Die Hochindustrialisierung bis zum Ersten Weltkrieg ist von der historischen Forschung der letzten Jahre als eine Phase interpretiert worden, in der sich unter den Bedingungen wirtschaftlicher Liberalisierung ein Globalisierungsschub vollzog. Wobrings Arbeit stützt diese Interpretation, indem sie die engen Wechselwirkungen zwischen dem Auf- und Ausbau großräumiger Telegrafennetze und der Dynamisierung weltwirtschaftlicher Integration in dieser Phase aufzeigt. Sein Versuch, die telekommunikationstechnische Globalisierung in die erste Hälfte des 19. Jahrhunderts vorzuverlegen, indem Kontinuitäten zwischen erster und zweiter Jahrhunderthälfte betont werden, überzeugt dagegen nicht. Macht man sich seine zweite Hauptthese zu Eigen, dass die Entfaltung der Telegrafennetze von den Nutzern und damit von der Nachfrage der Wirtschaft "gesteuert" wurde, so zeigt sich, dass in der ersten Jahrhunderthälfte die erfolgreichen Projekte noch regionalräumlich und damit gerade nicht "global" ausgelegt waren.

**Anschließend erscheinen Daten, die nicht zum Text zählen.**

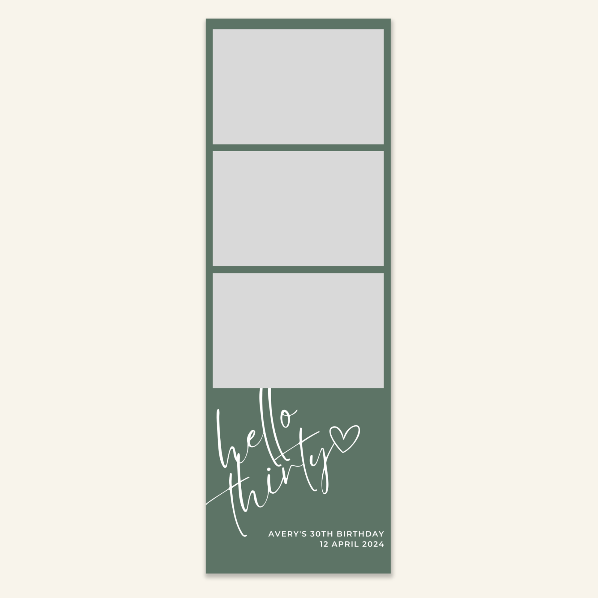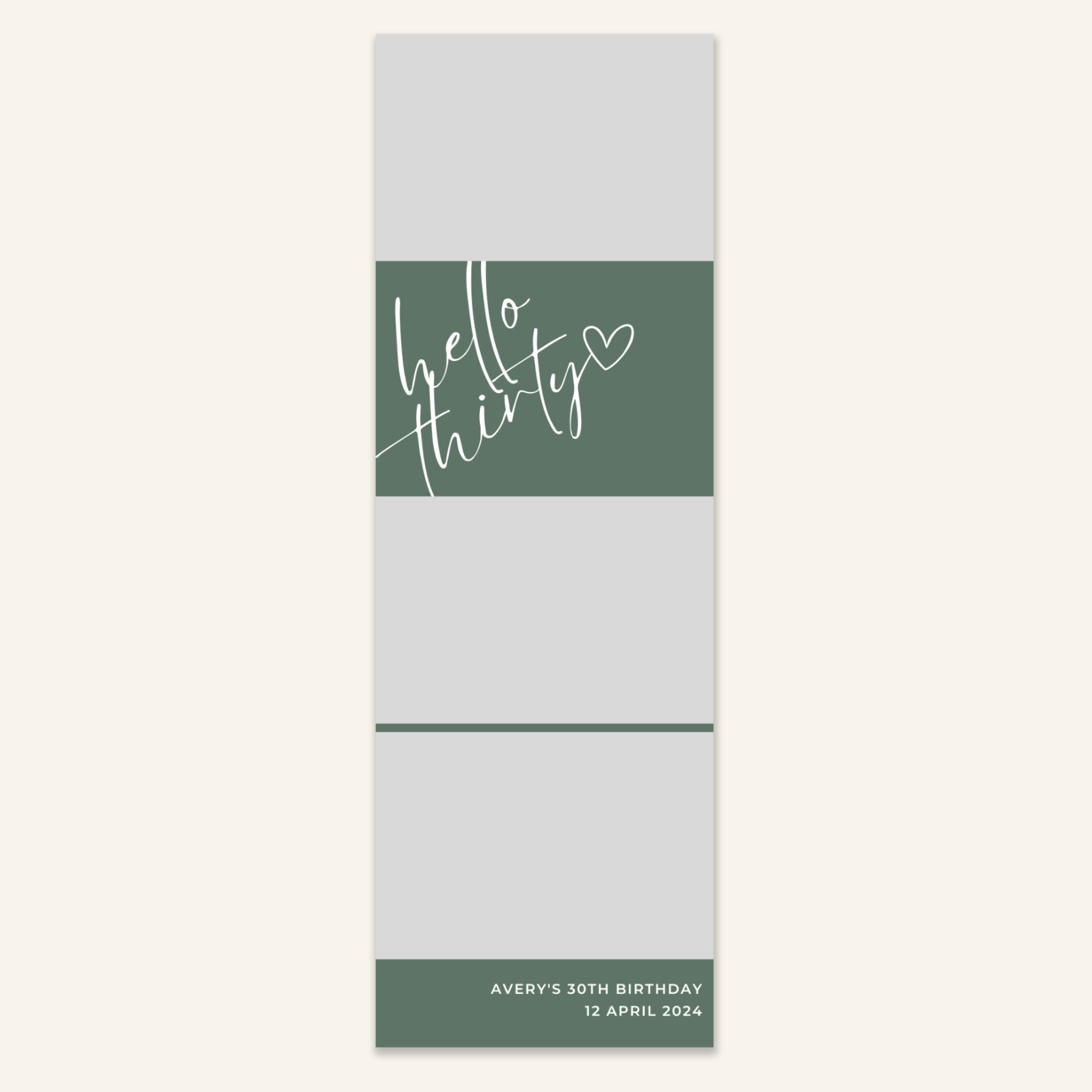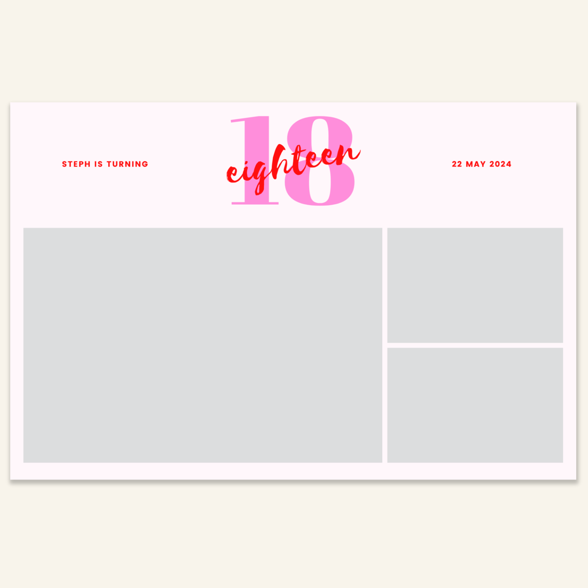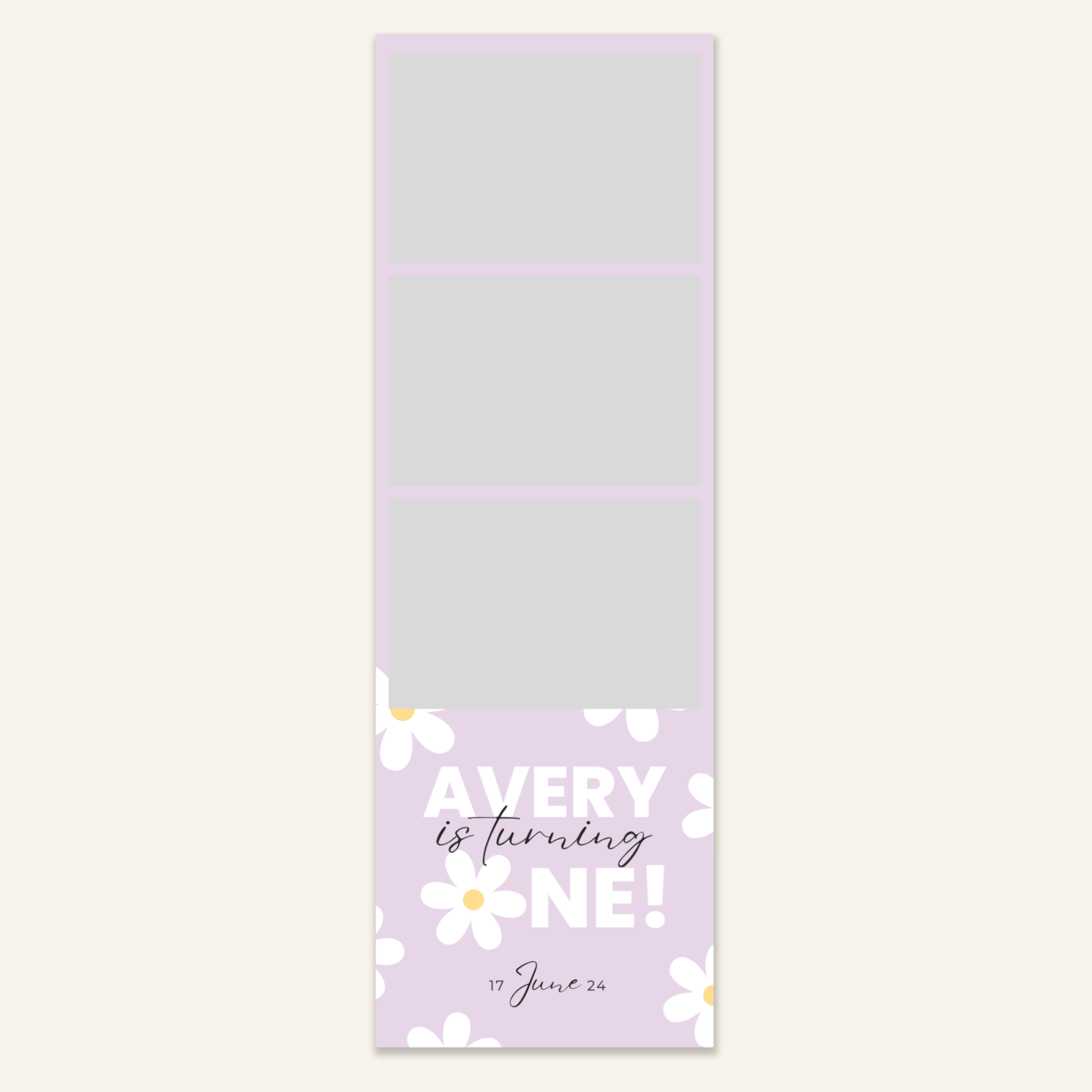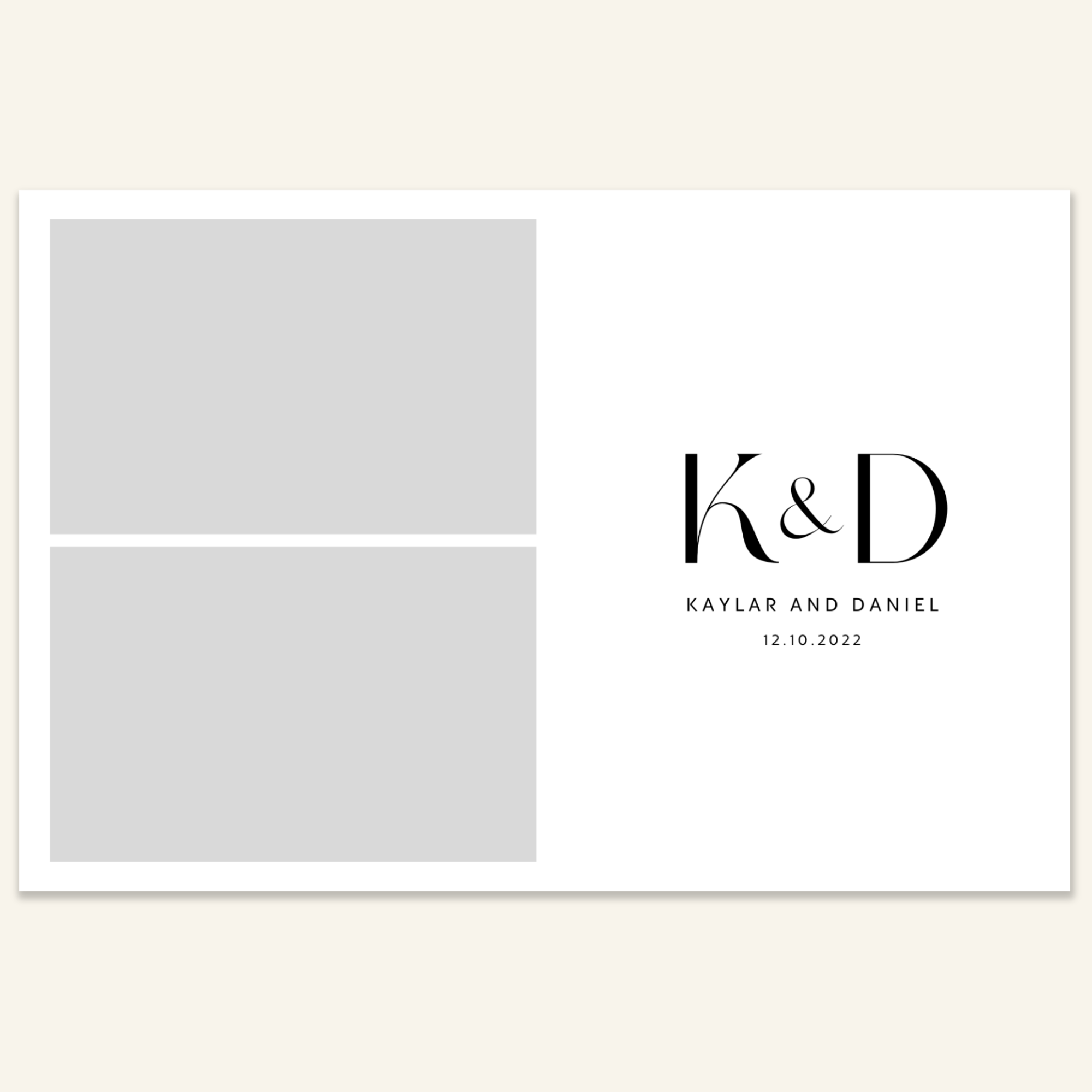 Step 3: Personalise your print template by adding your event name, date, and/or custom message. (eg. Sophia & Lucas / 12 April 2024 / Thanks for joining us!)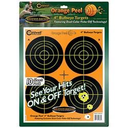 Caldwell Shooting Supplies Paper Targets - Orange Peel Bullseye Targets, 4", Orange, Adhesive-Backed, Featuring Dual-Color Flake-Off Technology, 10 Sheets Pack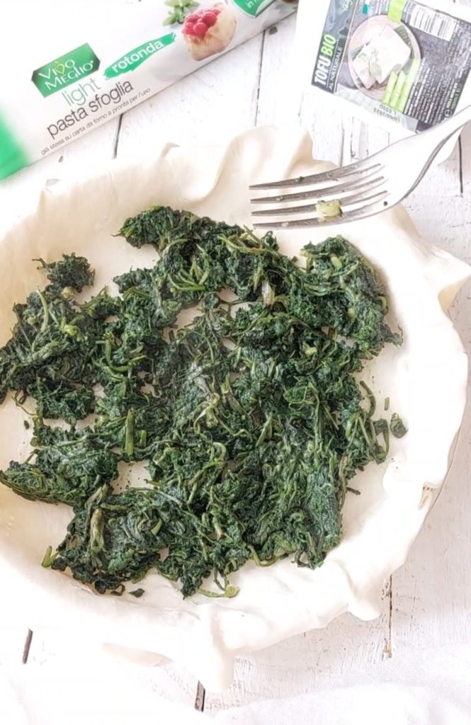 Für diesen Mürbeteig habe ich zarte, gekochte Feldkräuter verwendet, die in der Pfanne mit Knoblauch und Gewürzen angebraten und zwischen zwei Kreisen aus fertigem Blätterteig gelegt sowie mit ausgezeichnetem, zerdrücktem Tofu vermischt wurden.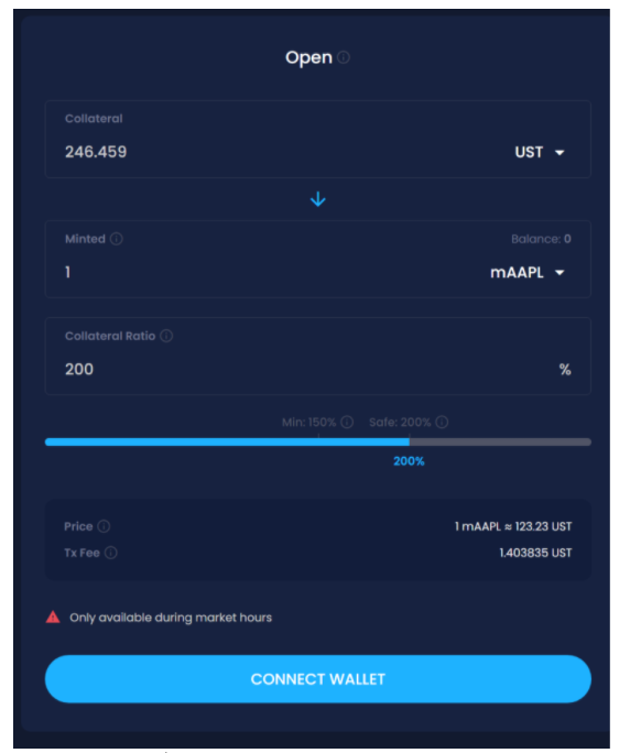 - ในกรณีคุณต้องการความเสี่ยงที่ต่ำมากคุณอาจจะทำการ Mint หุ้นออกมาแต่คุณก็ต้องเสีย Stablecoin ไปส่วนหนึ่งในการ Mint (เพราะตอนเอามาแลกคืนจะไม่ต้องกังวลเวลาราคาหุ้นผันผวน)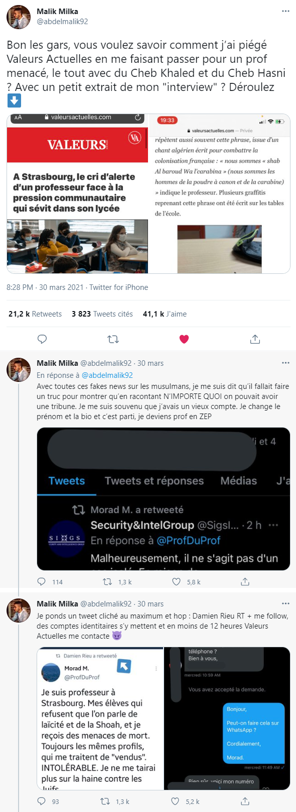 Malik, qui préfère ne partager que son prénom, explique être exaspéré par le "complotisme anti-musulmans" ambiant et avoir voulu "sortir quelque chose d'un peu gros, pour voir si ça prenait." "Avec toutes ces fakes news sur les musulmans, je me suis dit qu'il fallait faire un truc pour montrer qu'en racontant N'IMPORTE QUOI on pouvait avoir une tribune," a-t-il tweeté en se démasquant, le 29 mars au soir, après la publication de l'article de Valeurs actuelles qui était tombé dans le panneau.
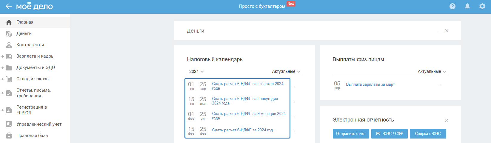В «Налоговом календаре» нажмите на действие «Сдать расчёт 6-НДФЛ за ___»: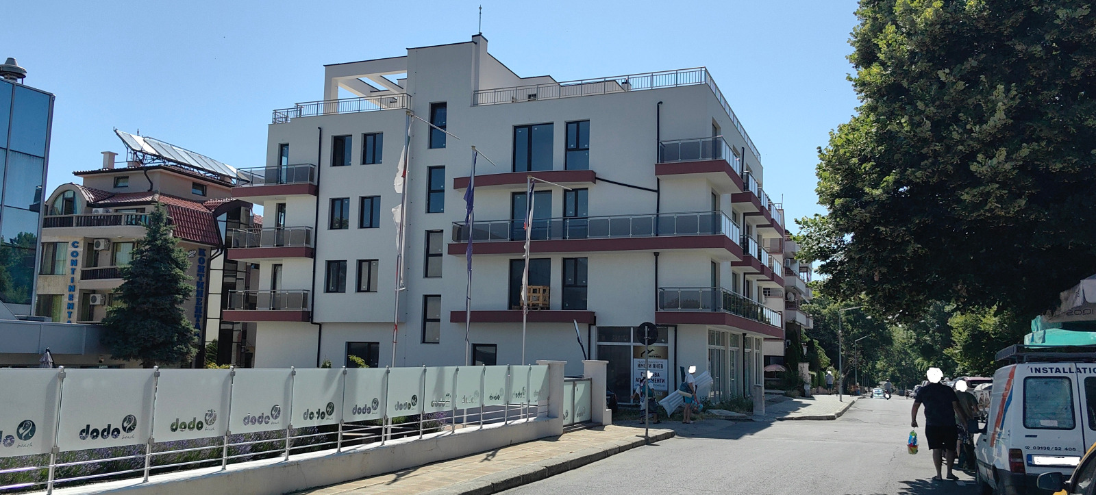 Жилището е част от новопостроена сграда с отлична локация разположена е в централната част на градчето, само на 160 м. от плаж, в близост до магазини, ЗХР. Освен с местоположението си, сградата впечатлява и с приятната си фасада. Изградена е от строител с десетилетия опит в строителния бранш, прилагащ най-високите стандарти в качеството на строителството, съобразени с морския климат. Характеристики на строителството - стоманенобетонна конструкция с тухлена зидария, топло- и хидроизолация, общите части по БДС - с качествен гранит, мазилки и парапети.Сградата разполага с асансьор. Сградата разполага с акт 14, като в момента се извършват интензивни довършителни строителни дейности, като в срок до края на 2025г., сградата ще разполага с акт 16! При подписан предварителен договор за имота има възможност окончателния договор /нотариалния акт/ да бъде подписан след получен акт 16!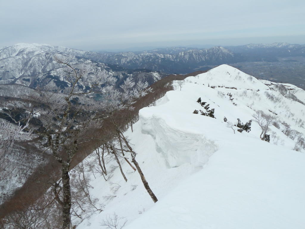 膨大な積雪が形作る雪堤も、そろそろ本来の尾根芯と仮想尾根の境界あたりに割れ目が入り始めて、迂闊に足を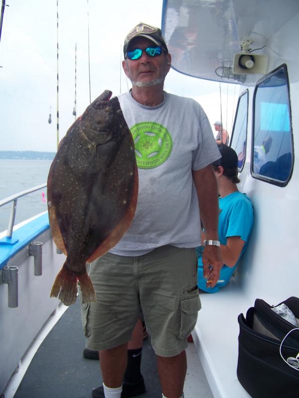 Had a couple beauties yesterday including one of our Old Deck hands Stash's pool winning 8.5 pound Fluke. Found fish every where we went and it was Hot as hell! Some Great fish coming in once again.

Hier schlägt besonders negativ zu Buche, dass Wobring seine erkenntnisleitenden Begriffe wie "Globalisierung", "Netzwerk" und "Steuerung" nicht präzise definiert, sondern unter der Vorgabe, pragmatisch vorgehen zu wollen, schwammig als "Arbeitsbegriffe" (13) verwendet. Der historischen Globalisierungsforschung, der nicht immer zu Unrecht theoretische Unschärfe und methodische Beliebigkeit vorgeworfen wird, ist mit so viel Pragmatik wenig geholfen.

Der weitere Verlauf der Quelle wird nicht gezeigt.